Case Study

Bringing Threat Intelligence to Security Playbooks

Why Recorded Future Customers Choose Splunk SOAR

Recorded Future

Around 40,000 security professionals across 22 industries and six continents depend on Recorded Future for best-of-breed threat intelligence. Recorded Future collects and analyzes vast amounts of data to deliver relevant cyber threat insights in real time. This intelligence allows their customers to improve detection and response, which helps their security teams make better decisions faster. 

Without using automation and orchestration, I don't see how companies are going to be able to face the challenges that they have today. With everything that's going on, companies are overwhelmed. Humans can't do it by themselves.
Seth Whitten, VP of Integrations and Strategic Partnerships

Meet Seth Whitten, VP of integrations and strategic partnerships at Recorded Future. We sat down with him to talk about the Splunk and Recorded Future partnership, and how the Splunk SOAR integration has made an impact. “Our largest integration right now is Splunk Enterprise,” he says. “For us, it was natural to move into Splunk SOAR. We have a lot of clients who are driving events out of their SIEM tools, and want to be able to better act on them.”

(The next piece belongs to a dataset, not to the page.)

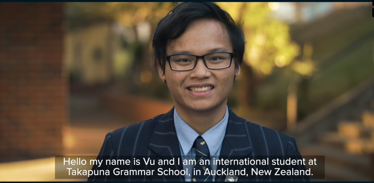 Em là thành viên của đội Lãnh đạo Quốc tế của trường. Với học sinh quốc tế, trường có hai lựa chọn chương trình học: NCEA và Tú tài Quốc tế (IB). Em cũng tham gia các hoạt động sau giờ học và chơi thể thao để hoàn thiện bản thân hơn. Ở Takapuna Grammar School, em luôn nhận được rất nhiều sự hỗ trợ từ thầy cô.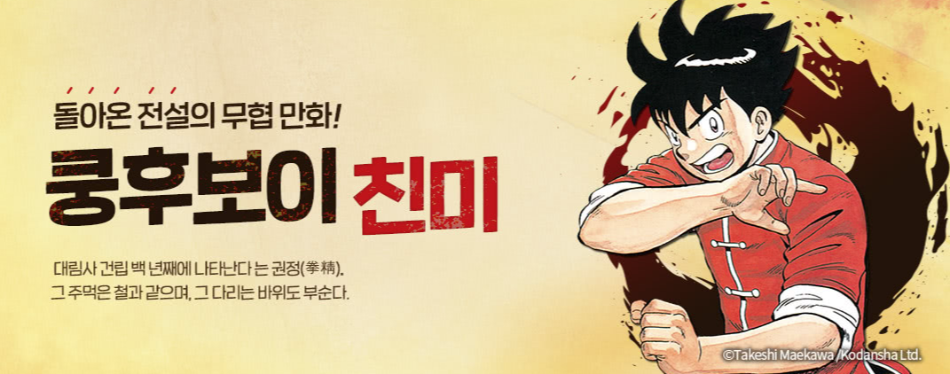 무협글:Takeshi Maekawa / 그림:Takeshi Maekawa전설의 무협 액션 쿵후보이 친미가 오리지널 개정판으로 다시 돌아왔다!! 대림사 건립 백 년째에 나타난다 는 권정(拳精). 그 주먹은 철과 같으며, 그 다리는 바위도 부순다. 중국 사천성 장강의 상류에서 자란 활기찬 쿵후 소년 친미의 끝없이 계속되는 수련 이..

We use natural language processing and artificial intelligence to correlate data and make it available for clients to use when solving problems.
Seth Whitten, VP of Integrations and Strategic Partnerships
Why Splunk SOAR?

Prior to Splunk SOAR, Recorded Future clients would conduct their operations manually. “They would have to go into our platform, pull out the information they were looking for, and make a decision on whether or not to move forward when investigating an alert or triaging things in their environment,” Seth says.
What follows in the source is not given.